After deriving the total energy over the frequency band of a spectral pattern, the peak detection unit 124 derives an energy ratio of the total energy of a plurality of spectra 260 a subjected to speech determination and the total energy of a plurality of spectra 260 b next to the spectra 260 a.

The peak detection unit 124 derives the total energy by shifting the focus on the spectrum one by one with the same spectrum being used two times in the derivation of total energy for successive two spectrum group (each group having three spectra in the embodiment). On the other hand, the peak detection unit 124 derives the energy ratio for successive two spectrum groups (the spectra 260 a and the spectra 260 b in FIG. 5) without the same spectrum being included in the two groups.

After deriving the energy ratio, the peak detection unit 124 compares the derived energy ratio and a predetermined threshold level to determine the spectra 260 a as a peak pattern if the energy ratio is equal to or higher than the threshold level. And then, the peak detection unit 124 detects at least one spectrum (for example, the spectrum 250 a) among the spectra 260 a as a peak spectrum in accordance with a predetermined criterion.

The predetermined threshold level may be 2 or 4 in order to detect spectra having the energy of 6 dB or 12 dB, respectively, higher than a noise component. This is because major spectra (from the first to fourth or fifth formant) of voices instantaneously (corresponding to one frame) posses the energy in the range from several dB to about 10 dB even if there is relatively much noise.

An equation (1) below is a general dB conversion formula.

\begin{matrix} Ratio_E = 20 \times \log (\frac{E_peak}{E_neighbor}) & (1) \end{matrix}

where Ratio_E, E_peak, and E_neighbor are: an energy ratio (dB); target total energy of a plurality of target spectra subjected to peak spectra detection; and total energy next to the target energy, respectively.

In accordance with the equation (1), the peak detection unit 124 compares an energy ratio (of the target total energy to the total energy of a plurality of spectra next to the target spectra) and the predetermined threshold level. When the energy ratio is equal to or higher than the predetermined threshold level, the peak detection unit 124 determines the target spectra that exhibit an energy ratio equal to or higher than the threshold level as a peak pattern. And then, the peak detection unit 124 detects at least one spectrum of the peak pattern as a peak spectrum in accordance with a predetermined criterion. The number of spectra subjected to the peak spectrum detection may be one or more of spectra.

The predetermined criterion may be the following criterion A or B.

The criterion A: If there are an odd number of spectra, determined as a peak spectrum is a specific spectrum having the center frequency in the spectra or a spectrum next to the specific spectrum.

The criterion B: If there are an even number of spectra, determined as a peak spectrum is either or both of two specific spectra having the frequency closest to the center frequency in the spectra or spectra next to the two spectra.

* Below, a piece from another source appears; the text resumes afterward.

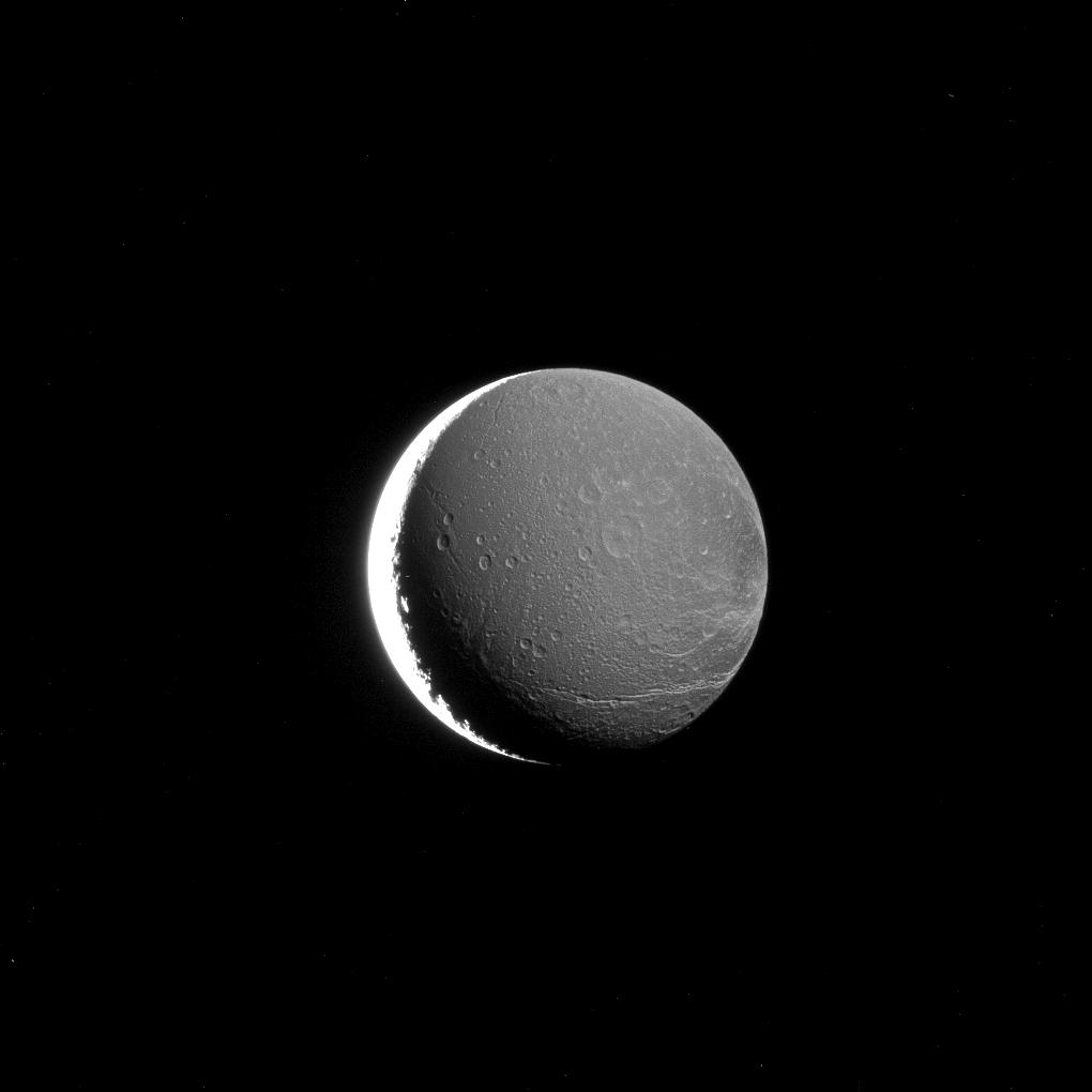 Dione je jeden z najväčších mesiacov Saturnu, na jeho povrchu sa nachádza, ako je to u nechránených mesiacov bežné, veľa kráterov. Ďalej tu nájdeme veľmi jasné útvary v podobe dlhých čiar. Tieto čiary sú veľmi plytké, pravdepodobne nezasahujú veľmi hlboko do povrchu. Na najnovšej fotke Cassini z 23. októbra, ktorá bola vydaná na stránkach NASA len nedávno je vidieť rôzne povrchové útvary, aj keď je väčšina osvetlenej časti skrytá. Toto je spôsobené fenoménom s ktorým sa často stretávame na Zemi, popolavým svitom. Keď dopadne svetlo zo Slnka na planétu, odrazí sa časť naspäť do okolia. Toto svetlo môže naraziť na neosvetlenú hemisféru okolitých objektov, pričom túto stranu mierne osvetľuje.

Among a plurality of spectra (for example, the spectra 260 a), all spectra (for example, the

spectra

250 a, 250 b, and 250 c) may be detected as one peak spectrum.

Voices are produced by the vibration of the vocal cords, having a tremor component, with a peak having a certain bandwidth, hence there are energy components of the voices in a spectrum with a peak at the center frequency and in the neighboring spectra. Therefore, it is highly likely that that there are also energy components of the voices in spectra before and after the neighboring spectra. On the other hand, periodic noises, such as the sound of a siren, an engine, and the instantaneous sound of a blow, do not have a tremor component, even though the periodic noises have harmonic overtones. There may be no difference in energy in one spectrum between those periodic noises with no tremor components and a speech signal. However, when the energy of a spectrum next to the one spectrum is added to the energy of the one spectrum of periodic noises, the periodic noises have an energy component comparatively smaller than that of a speech signal for which the addition of energy is performed in a similar manner. Accordingly, the peak detection unit 124 performs the comparison of total energy between neighboring spectra to distinguish voices from noises based on the existence of a tremor component, to accurately detect voices.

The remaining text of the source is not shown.